November 22, 2024

How to read a Victorian painting @GuildhallLib

Like everyone who discovers there is a talk about Victorian paintings on at the Guildhall library I rushed to the Guildhall library. Arriving with moments to spare I asked the man on the entrance desk if he could direct me to the talk.

‘The art talk?’ he clarified.

I nodded.

‘Have you booked?’

‘No.’

He shook his head.

‘You won’t get in. You’re supposed to book.’

This wasn’t good news. I had thought that a talk about Victorian paintings would be one of those things that never sells out.

‘It said no booking required,’ I said.

The man indicated to the left.

‘Go the enquiry desk. They’ll tell you if they have any places. They’ll probably turn you away.’

This wasn’t the welcome I had expected after my journey across London. I’d imagined it being very different. ‘You’re here for the lecture about Victorian art? Why, we thought no one would come. Jane! Someone’s turned up for the talk. Come in, would you like a cup of tea?’

I walked round the corner and saw the enquiry desk. Ahead of it was a glass-walled room full of people sitting and facing a white screen that said Every picture tells a story. If ever there was a room that was about to host a talk about narrative in Victorian painting, this was that room. There was a man on the door who looked like he’d be the one to turn me away. I walked over.

‘Are you here for the talk?’ he asked me.

I nodded. He pointed at a chair.

‘There’s a seat there. Last one.’

Thirty seconds after I had sat down Pete Smith stood up at the front of the 70-strong audience and How to read a Victorian painting was underway.

Victorian paintings don’t always get a good press. Words like sickly and moralising have been applied to them. Smith certainly showed examples which could have been so described, getting the audience to guess the titles of works that dripped with sentimentality. The guesses were pretty accurate. A man dressed in black. Holding a child. By a fresh grave…Motherless. 

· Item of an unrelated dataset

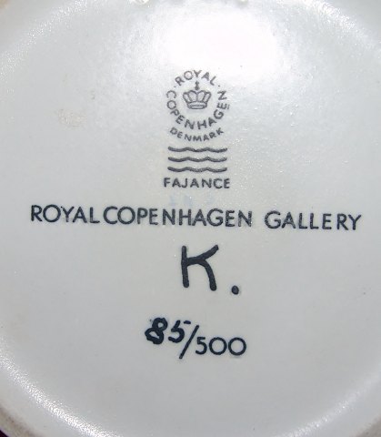 Royal Copenhagen Bo Kristiansen Vase No 3849. Measures 12cm dia and 7cm high. Is in perfect condition. Marked with the RC logo, Fajance, Royal Copenhagen Gallery, K. and 85/500.

The Victorian audience were more sophisticated than their 21st century descendants when it came to reading the narrative in paintings. (Although we can whip them at understanding televisual and cinematic tropes). Even so, it was easier for a painter to hitch his work to stories that the viewers could be expected to know. In those days that included poetry, the Bible and Shakespeare. Millais’ Christ in the House of his Parents illustrated the Biblical, showing how every element was related to the story of Christ’s life, from the ladder in the background to the bowl of water carried by his cousin.

The explosion of Victorian genre painting can be traced to the simple fact that Victorian industrialists suddenly had plenty of cash but little artistic education. Commercially minded artists were on hand to give them what they wanted. Of course the best known Victorian art movement is the Pre-Raphaelites, who took things very seriously and saw the work of the magisterial Raphael as the place where art had lost its way. Oh to see their reactions to today’s contemporary art.

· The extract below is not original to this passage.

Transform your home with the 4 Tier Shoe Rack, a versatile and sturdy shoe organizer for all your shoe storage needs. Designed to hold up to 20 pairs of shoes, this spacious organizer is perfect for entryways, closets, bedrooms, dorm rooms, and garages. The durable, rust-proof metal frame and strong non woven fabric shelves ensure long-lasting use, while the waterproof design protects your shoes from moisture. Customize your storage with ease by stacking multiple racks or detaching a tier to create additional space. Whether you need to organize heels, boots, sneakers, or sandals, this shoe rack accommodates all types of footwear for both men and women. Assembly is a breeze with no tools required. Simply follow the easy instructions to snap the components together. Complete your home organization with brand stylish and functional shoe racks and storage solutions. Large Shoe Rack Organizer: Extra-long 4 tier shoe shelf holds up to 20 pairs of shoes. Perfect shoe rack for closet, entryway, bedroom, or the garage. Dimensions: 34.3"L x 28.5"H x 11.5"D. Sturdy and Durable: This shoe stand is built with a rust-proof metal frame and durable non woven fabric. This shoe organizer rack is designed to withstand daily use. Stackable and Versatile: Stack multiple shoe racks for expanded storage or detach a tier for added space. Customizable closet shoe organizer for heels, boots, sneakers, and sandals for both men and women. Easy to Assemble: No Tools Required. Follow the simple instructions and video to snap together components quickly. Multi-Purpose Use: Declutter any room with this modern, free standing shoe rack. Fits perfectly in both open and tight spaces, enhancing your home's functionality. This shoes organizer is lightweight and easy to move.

I didn’t expect funny voices in a lecture on Victorian painting, but Smith found room for them and the audience enjoyed his explanations of individual paintings and Victorian artistic tropes in general. For example, the colour red often signified carnality. We learned how the titles of pictures changed over time, to change the stories the viewer was supposed to perceive.

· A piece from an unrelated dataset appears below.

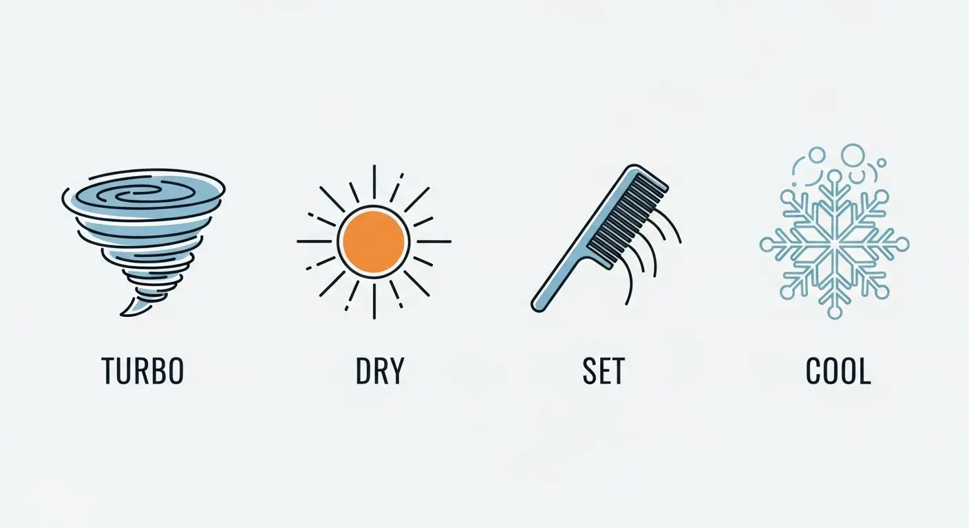 ドライヤーの性能を最大限に引き出すには、Turboモード以外の各モードの役割を正しく理解し、使い分けることが不可欠です。一般的なドライヤーに搭載されている主要な4つのモードについて、その目的と機能の違いを明確に整理してみましょう。

To read a Victorian painting you really need to have read every volume of Victorian sentimental poetry, know the Bible like an Arch-Bishop and Shakespeare as though you were an understudy for all the plays at the RSC. Once you’ve done that you shouldn’t have any problem working out what the artists are trying to say. Until you have that much knowledge, I recommend the simpler expedient of reading the label.

If you want to see Victorian painting in all its splendour, Tate Britain is the place for you.